22. Page 57—Page 57 includes the following disclosure: “In addition, our relationship with GSO, one of the largest CLO managers in the world, allows us to opportunistically invest in CLOs. CLOs are a form of securitization where the cash flow from a pooled basket of syndicated loans is used to support distribution payments made to different tranches of securities. While collectively CLOs represent nearly fifty percent of the broadly syndicated loan universe, investing in individual CLO tranches requires a high degree of investor sophistication due to their structural complexity and the illiquid nature of their securities”


LOGO   

Christina DiAngelo Fettig

June 18, 2014

Page 9

 

What percentage of the portfolio will FS invest in CLOs? Include enhanced risk disclosure related to investments in CLOs.
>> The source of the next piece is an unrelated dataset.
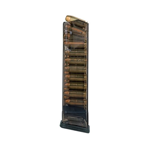 Los cargadores de polímero translúcido legales para competencias de ETS son compatibles con los modelos Glock .40 S&W 22, 23, 24, 27 y 35. Están disponibles en configuraciones de 19 (140mm), 24 (170mm) y 30 (210mm) disparos, y son compatibles con Glock de la Generación 1 a la Generación 4.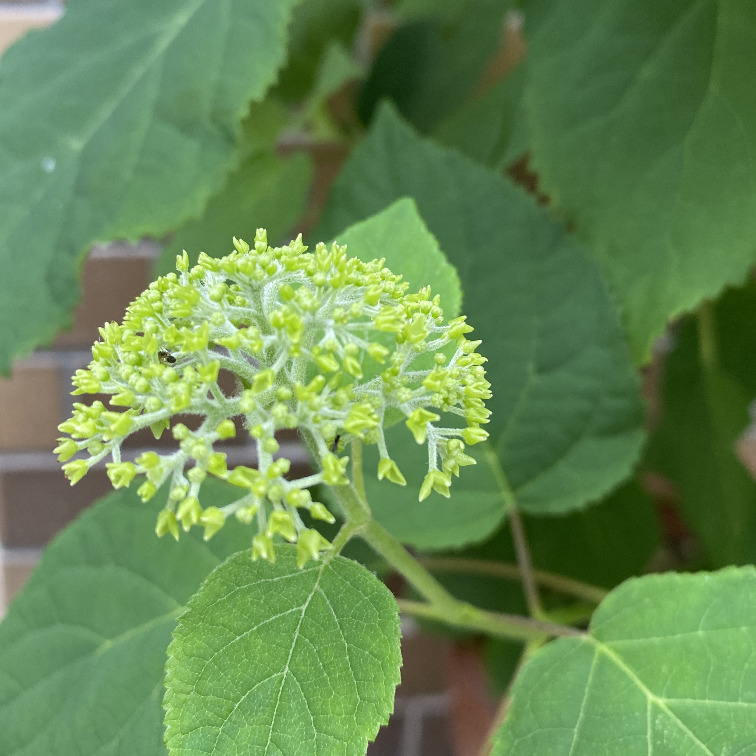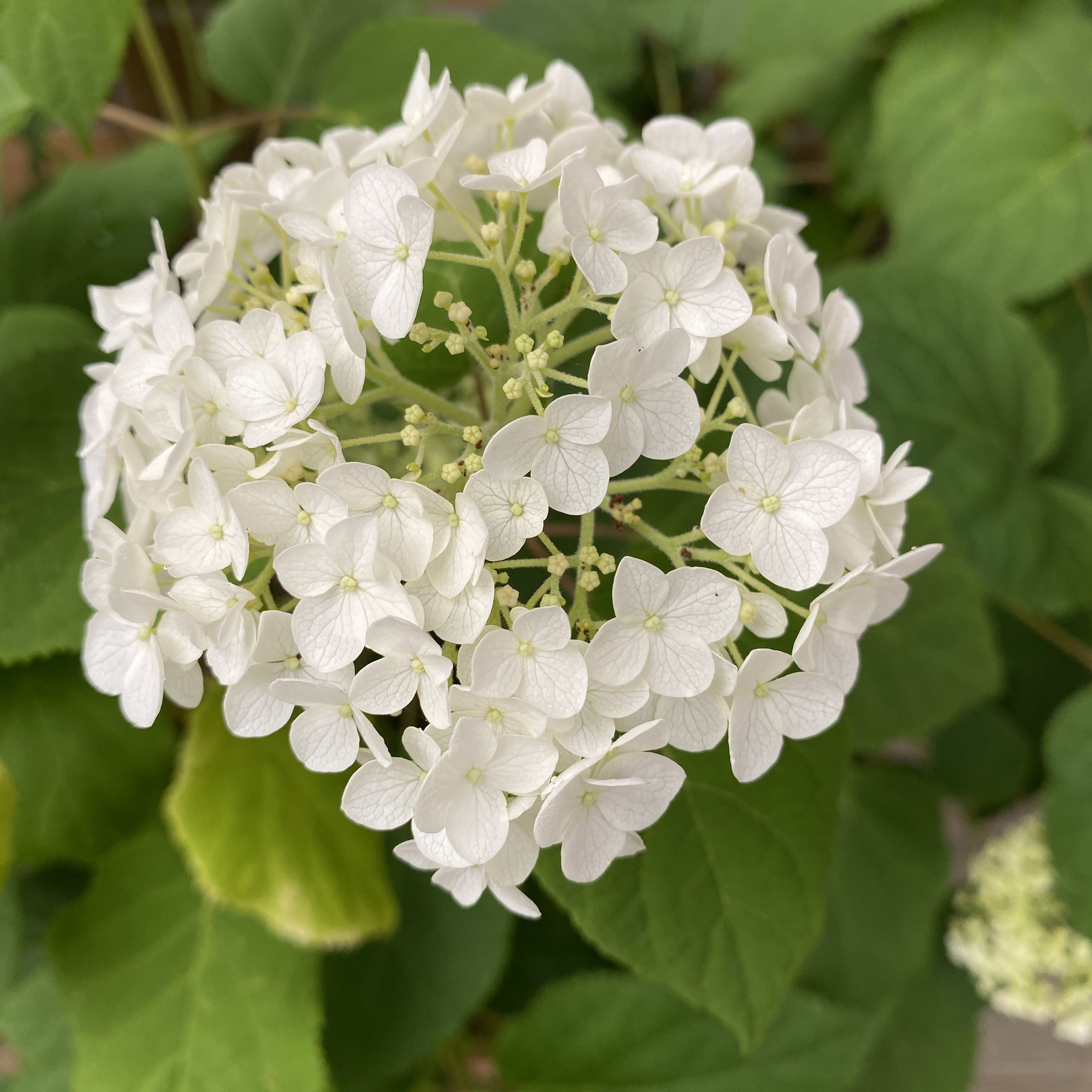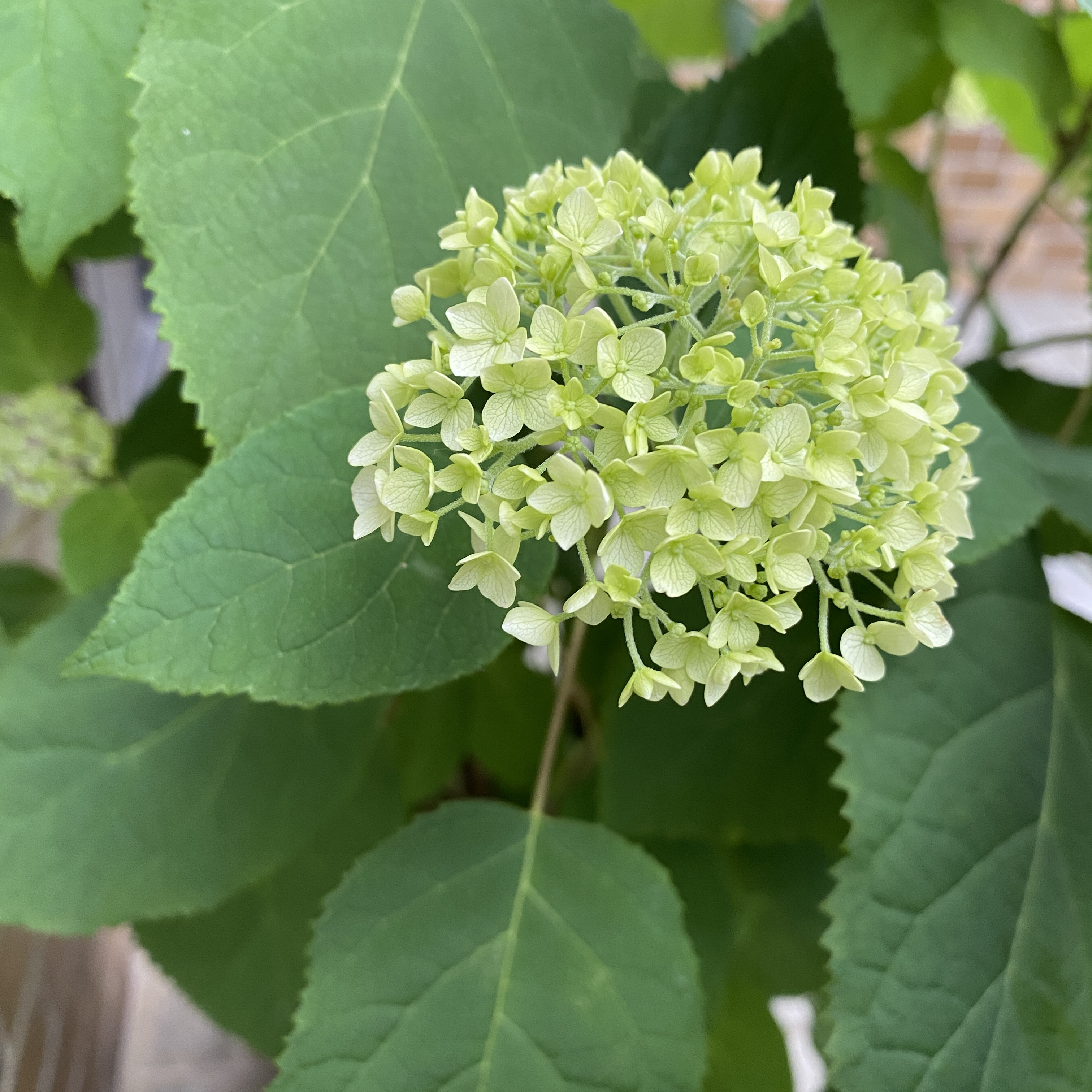 先日、お客様からいただいた鉢植えのアナベルが、美しく咲き始めました。

The Company notes the Staff’s comment and respectfully submits that, as noted on pages 3 and 111 of PEA 1, at March 31, 2014, 3% of the Company’s investment portfolio consisted of collateralized securities. The Company does not currently intend to materially increase its investments in collateralized securities. If market conditions improve for collateralized securities, investment in those securities could increase in the future; provided that the Company does not expect such investments to exceed 5% of the Company’s invested portfolio. The Company further notes that its collateralized securities are not equity investments.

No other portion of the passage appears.